Start of Input data

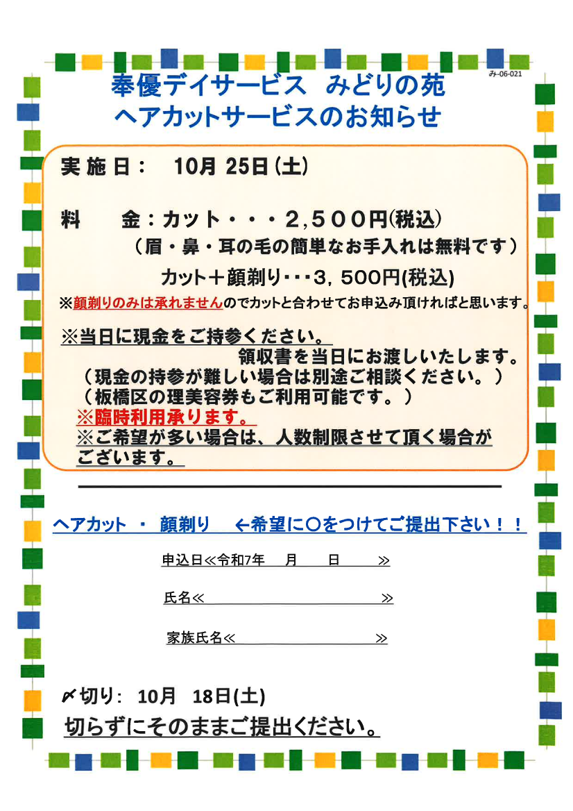 【みどりデイ】10月ヘアカットのお知らせ♪
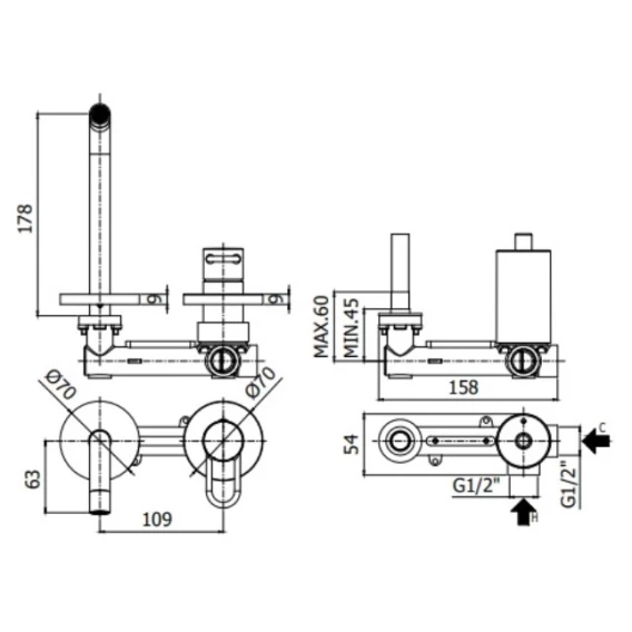 Длина излива 17.8 см
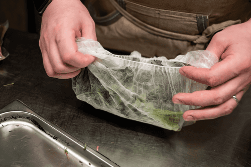 Петрушку, тимьян и чеснок положить в сеточку для специй или марлю, завязать ее. Марлю опустить в бульон, проварить в бульоне, чтобы травы отдали весь аромат, затем удалить.
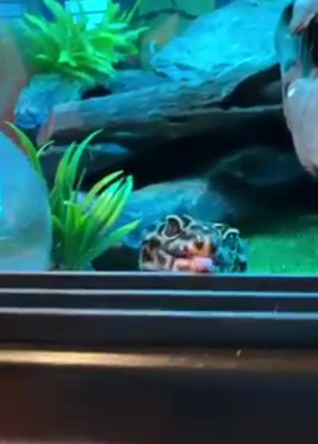 leopard gecko inside a terrarium. The gecko is mostly light brown with dark brown spots and is resting at the front of the enclosure, near the glass. Its head is prominently visible and slightly raised. In the background, the terrarium contains artificial plants, pieces of driftwood, and a water dish. The lighting appears blueish, possibly from the terrarium lights. The camera slowly zooms in on the gecko’s face.
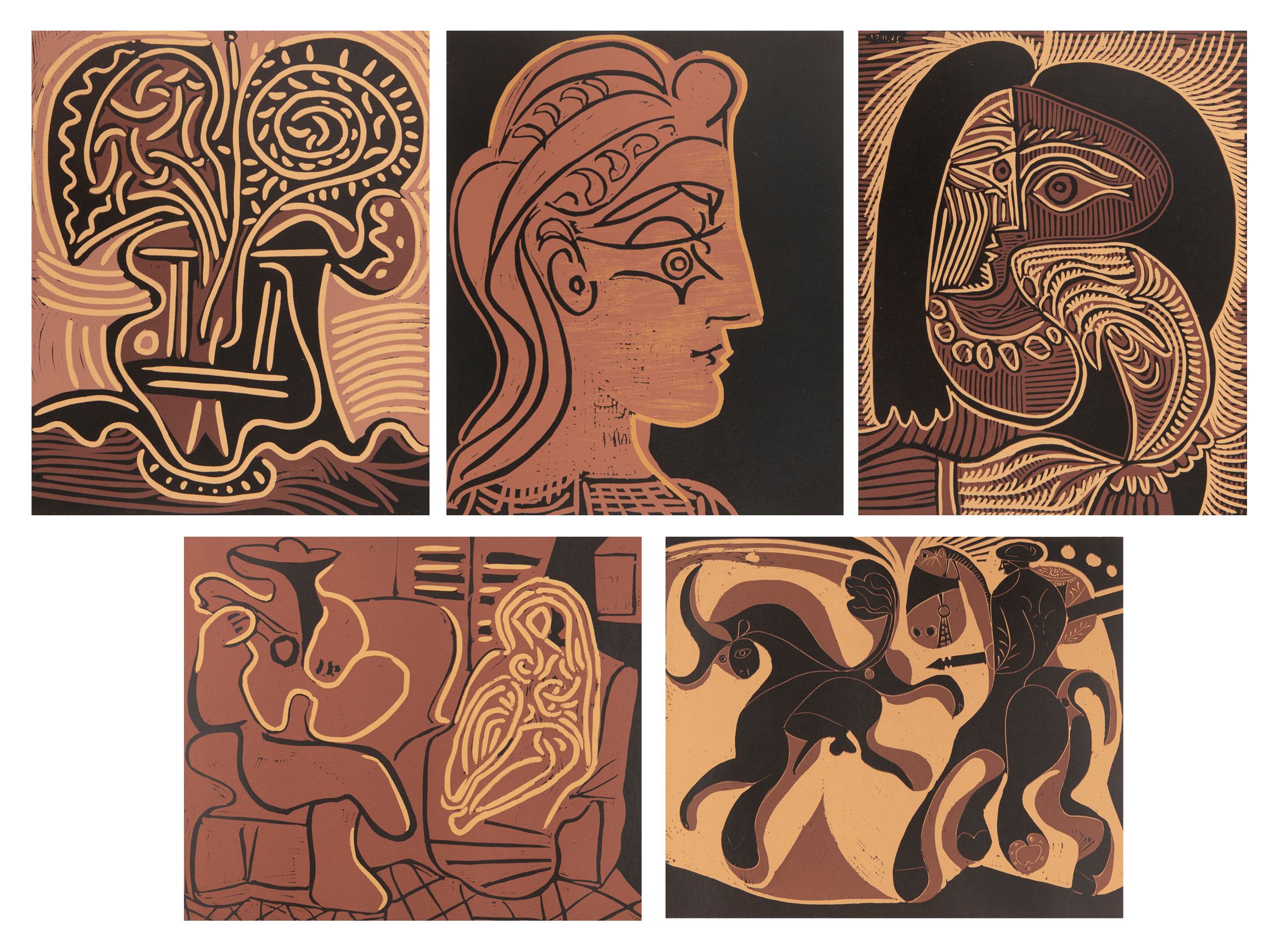 Pablo PICASSO (1881-1973, d'après), cinq linogravures
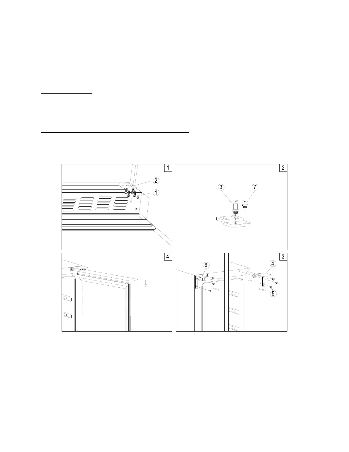 1. Remove the bottom hinge (2) by unscrewing the four lock screws (1). Be careful to hold the door
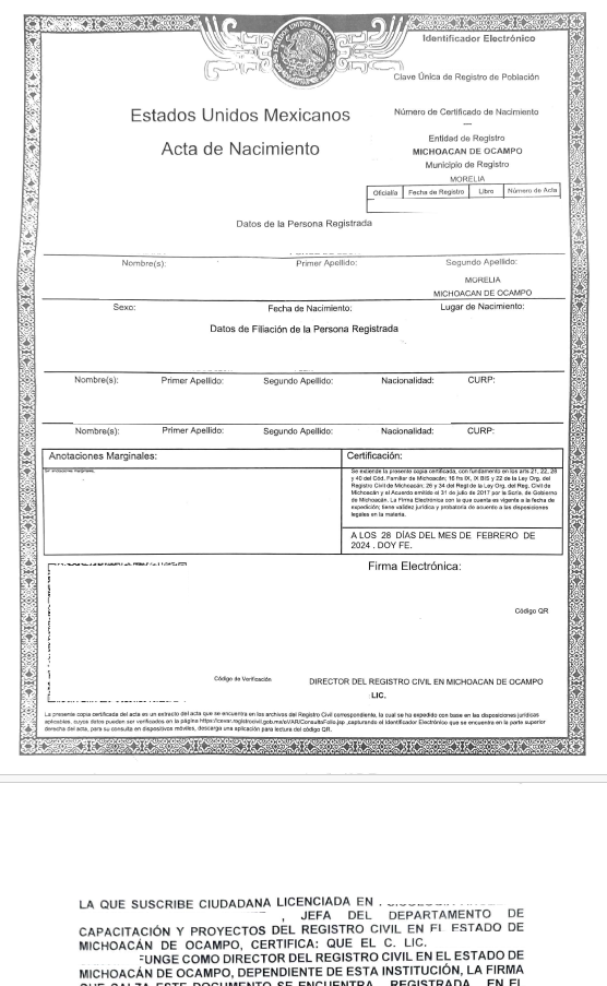 Diese Vorlage für die beglaubigte Übersetzung Spanisch > Deutsch einer mexikanischen Geburtsurkunde ist eine Urkunde (Acta de nacimiento / Extracto de nacimiento, siehe Produktbild) des Bundesstaates Michoacán mit Legalisation und Apostille. Erkennungsmerkmale: Artikeln 21, 22, 28 und 40 des Familiengesetzbuchs von Michoacán; Artikel 16 Abschnitte IX, IX BIS und 22 des Organgesetzes des Personenstandsregisters von Michoacán, 26 und 34 der Verordnung über das Organgesetz über die Personenstandsregister von Michoacán und Beschluss des regionalen Regierungsministeriums von Michoacán vom 31. Juli 2017.
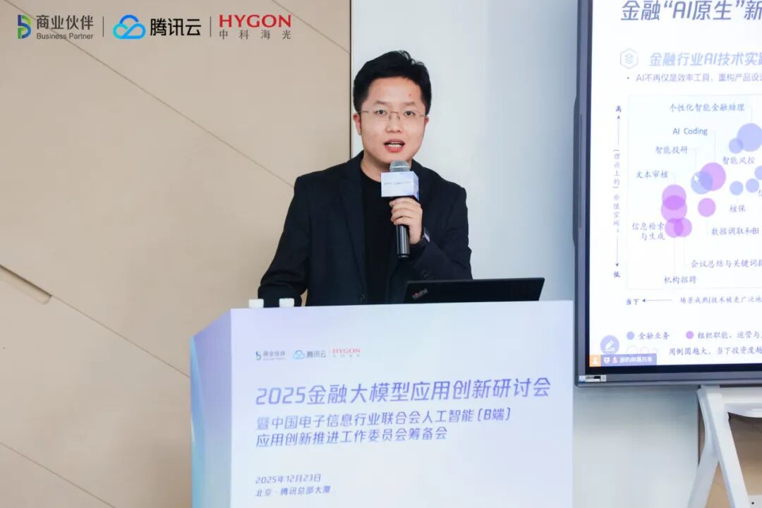 12月23日,中国电子信息行业联合会人工智能(B端)应用创新推进工作委员会筹备会暨2025金融大模型应用创新研讨会在北京腾讯总部大厦成功召开。来自国内人工智能及行业应用领域的领军企业代表,金融大模型领域优秀服务商,以及部分金融行业用户100余人参会。该筹备会的举办标志着一个专向面对国内人工智能及大模型B端应用落地的全新赋能机构的诞生,也意味着国内人工智能在B端应用领域的创新与发展将进入一个全新阶段。
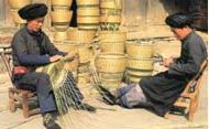 武陵源的苗嶺,以生產(chǎn)楠竹篾器著名。苗嶺竹器的傳統(tǒng)工藝歷史悠久,以用蔑細(xì)勻,式樣美觀而聞名。經(jīng)常上市的有苗嶺竹籠、竹籃、竹椅、背簍和其它竹編裝飾品。這些蔑器常用楠竹作主件,紫竹鑲邊,編制出各種花紋,或用竹蔑的天色采彩裝飾出精美的圖案。來(lái)武陵源旅游的人,常常選購(gòu)一兩件苗嶺竹器留作紀(jì)念。 |
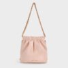 This Duo backpack in butter yellow features a quilted design, a secure magnetic closure and braided chain handles. It comes with detachable shoulder straps that allow you to use it as either a backpack or a shoulder bag.
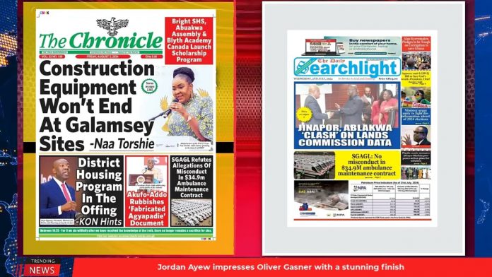 NewsGhana Newspaper Ghana Newspaper Headlines: August 2, 2024; Mahama Reports Akufo-Addo 2nd August 2024 0 106 Share Facebook Twitter WhatsApp Linkedin Pinterest Telegram Viber -Scrap 5% VAT On Real Estate Industry -Construction Equipment Won’t End At Galamsey Sites – Naa Torshie -Ambulance Dealers Rubbish Ablakwa Claims and MORE…
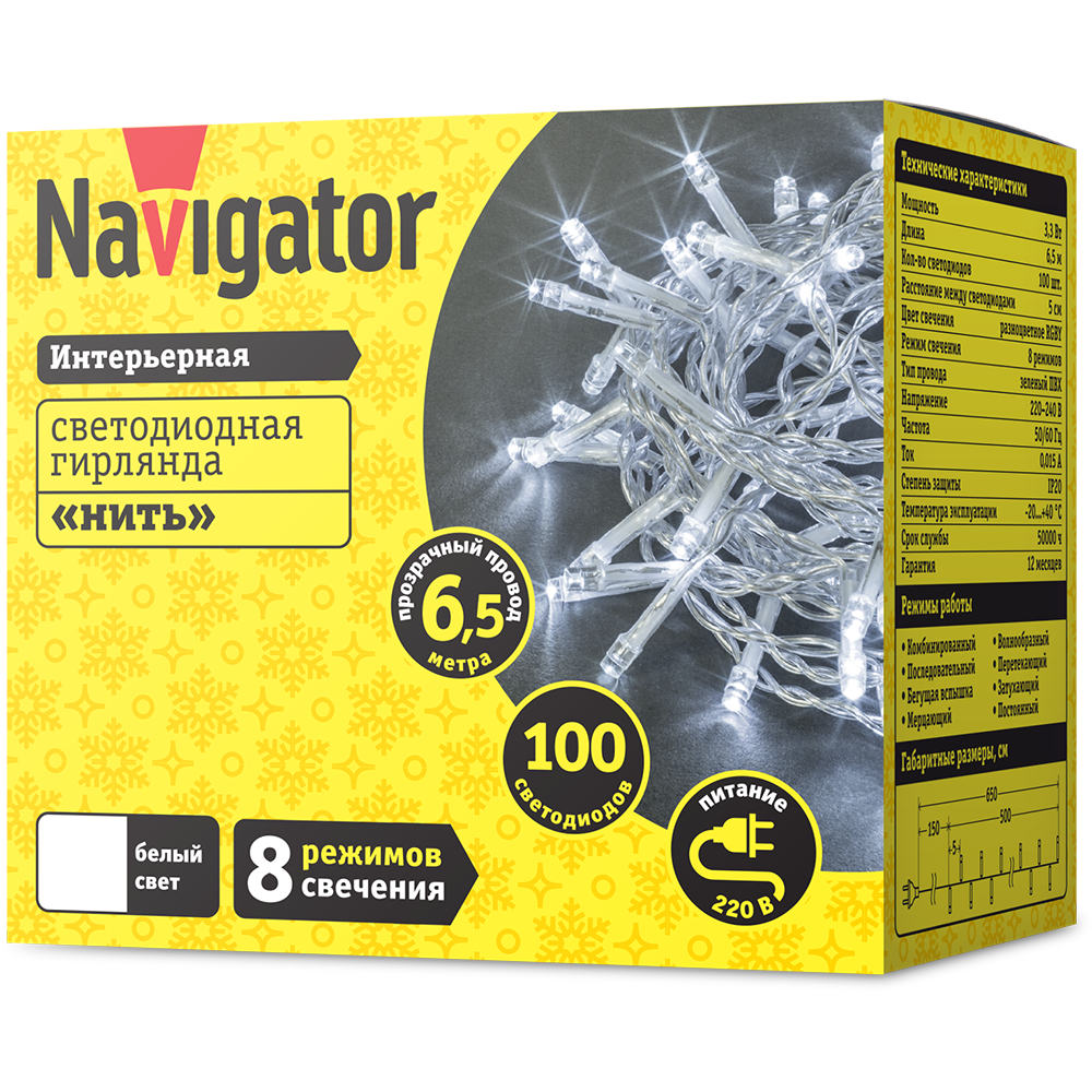 Гирлянда светодиодная 61 808 NGF-S01-100CW-5-6.5m-230-C8-TR-IP20 Navigator 61808 создаст праздничную атмосферу! Для гирлянды выбран белый цвет свечения. Длина гирлянды составляет 6,5 м, позволяя использовать её для любого дизайнерского решения в помещении. 120 светодиодов гарантируют равномерную засветку на всей протяженности гирлянды. Для данной серии доступны 8 режимов свечения: комбинированный, волнообразный, последовательный, перетекающий, бегущая вспышка, затухающий, мерцающий, постоянный! Прочный ПВХ провод защищен от повреждений при питании от сети. При производстве светодиодных гирлянд Navigator используется только провод из 100% меди с усиленной изоляцией, что гарантирует его долговечность.

End of Input data

* **Aim of the exercise**
Print, exactly, each line above from the one with "12月23日,中国电子信息行" to the one with "This Duo backpack", end lines included. Leave pictures out of it.

* **Response box**
 12月23日,中国电子信息行业联合会人工智能(B端)应用创新推进工作委员会筹备会暨2025金融大模型应用创新研讨会在北京腾讯总部大厦成功召开。来自国内人工智能及行业应用领域的领军企业代表,金融大模型领域优秀服务商,以及部分金融行业用户100余人参会。该筹备会的举办标志着一个专向面对国内人工智能及大模型B端应用落地的全新赋能机构的诞生,也意味着国内人工智能在B端应用领域的创新与发展将进入一个全新阶段。
 武陵源的苗嶺,以生產(chǎn)楠竹篾器著名。苗嶺竹器的傳統(tǒng)工藝歷史悠久,以用蔑細(xì)勻,式樣美觀而聞名。經(jīng)常上市的有苗嶺竹籠、竹籃、竹椅、背簍和其它竹編裝飾品。這些蔑器常用楠竹作主件,紫竹鑲邊,編制出各種花紋,或用竹蔑的天色采彩裝飾出精美的圖案。來(lái)武陵源旅游的人,常常選購(gòu)一兩件苗嶺竹器留作紀(jì)念。 |
 This Duo backpack in butter yellow features a quilted design, a secure magnetic closure and braided chain handles. It comes with detachable shoulder straps that allow you to use it as either a backpack or a shoulder bag.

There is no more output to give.